Your task: The reply needs the lines from the one containing "在大明湖景區就有不少木槿花,像穿著家居服" through the end of the material, each repeated exactly, and no pictures.

Listed records:
* * * *

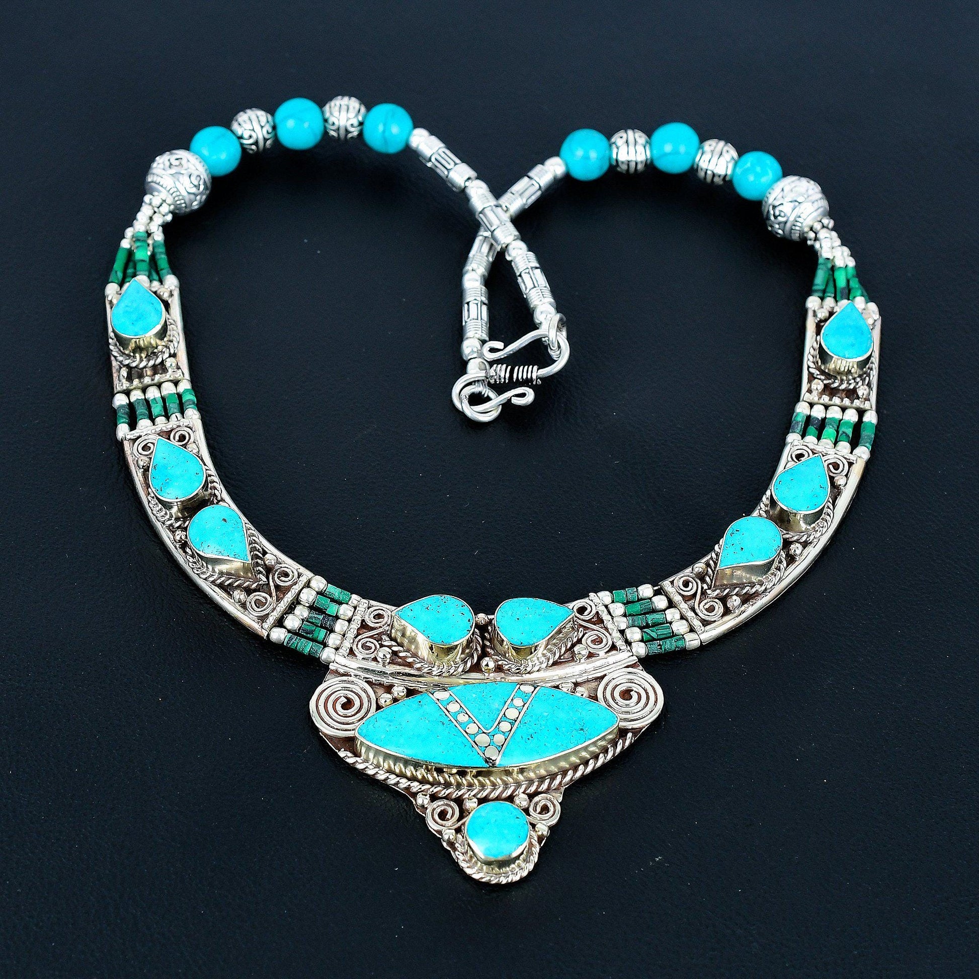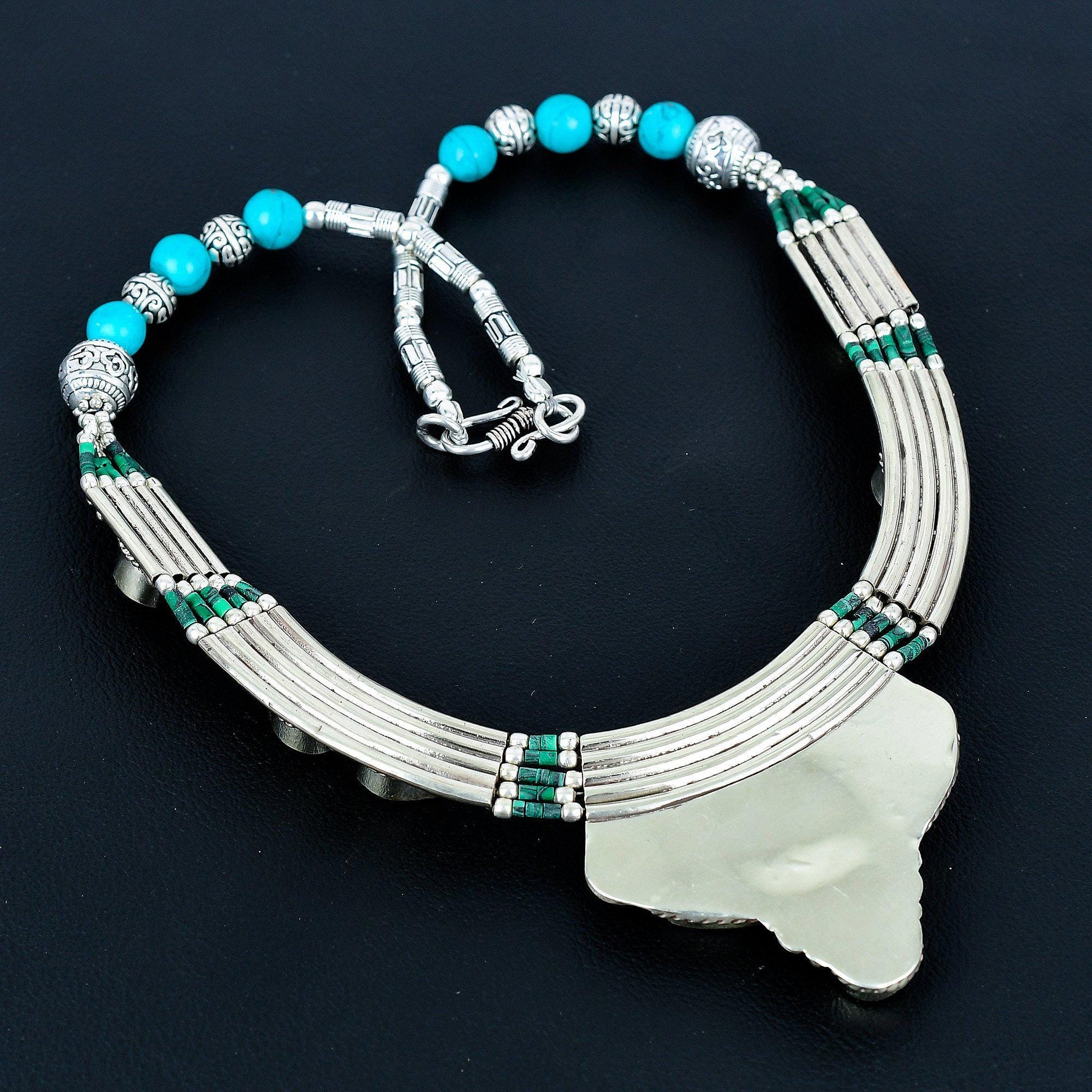 Elevate your style with this exquisite turquoise and silver necklace, a masterpiece of craftsmanship and elegance. Featuring vibrant turquoise stones intricately set in a detailed silver design, this necklace is perfect for making a statement.
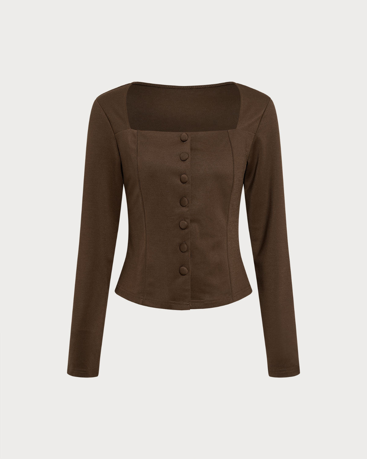 Kahverengi Kare Yaka Düğmeli Bluz
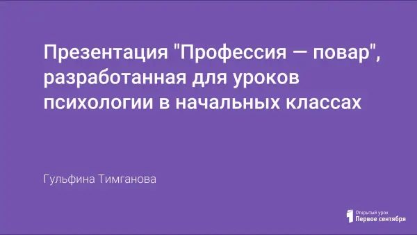 Автор разработал коллекцию презентаций по проблеме подготовки учащихся к выбору профессий. В ее коллекции 18 презентаций и 2 видеофильма. Она считает, что использование презентаций, разработанных в рамках программы "В мире профессий", позволяет развивать образное мышление учащихся и эстетическое восприятие ими информации, концентрировать их внимание, улучшать зрительную память. Содержание презентации имеет немаловажное значение для развития познавательных интересов младшего школьника. Предлагаемые ЦОР (цифровые образовательные ресурсы) используется педагогом-психологом на уроках психологии в 3–4-х классах на этапе изучения нового материала. Данная презентация может быть востребована учителями начальных классов и психологами общеобразовательных школ.
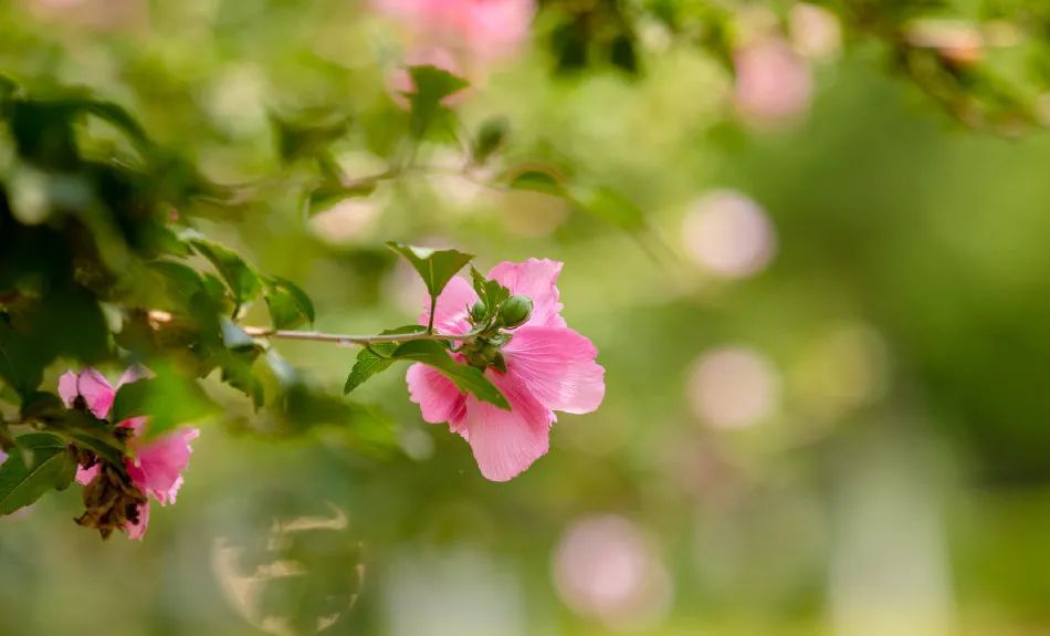 在大明湖景區就有不少木槿花,像穿著家居服的小家碧玉,沒有那么多的嬌媚和妖艷,卻也兀自釋放著芬芳,絢爛著火熱的夏季。
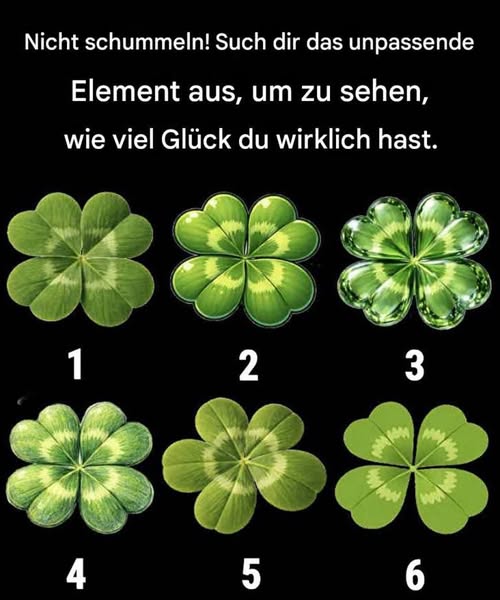 Auf den ersten Blick wirkt das Bild wie ein simples Spiel: sechs Kleeblätter, jedes ein wenig anders, und eine Aufgabe – das unpassende Kleeblatt zu finden. Doch hinter diesem spielerischen Test verbirgt sich etwas viel Faszinierenderes. Es geht nicht wirklich um Glück … sondern um Wahrnehmung, Intuition und Persönlichkeit.

* * * *

Written response:
 在大明湖景區就有不少木槿花,像穿著家居服的小家碧玉,沒有那么多的嬌媚和妖艷,卻也兀自釋放著芬芳,絢爛著火熱的夏季。
 Auf den ersten Blick wirkt das Bild wie ein simples Spiel: sechs Kleeblätter, jedes ein wenig anders, und eine Aufgabe – das unpassende Kleeblatt zu finden. Doch hinter diesem spielerischen Test verbirgt sich etwas viel Faszinierenderes. Es geht nicht wirklich um Glück … sondern um Wahrnehmung, Intuition und Persönlichkeit.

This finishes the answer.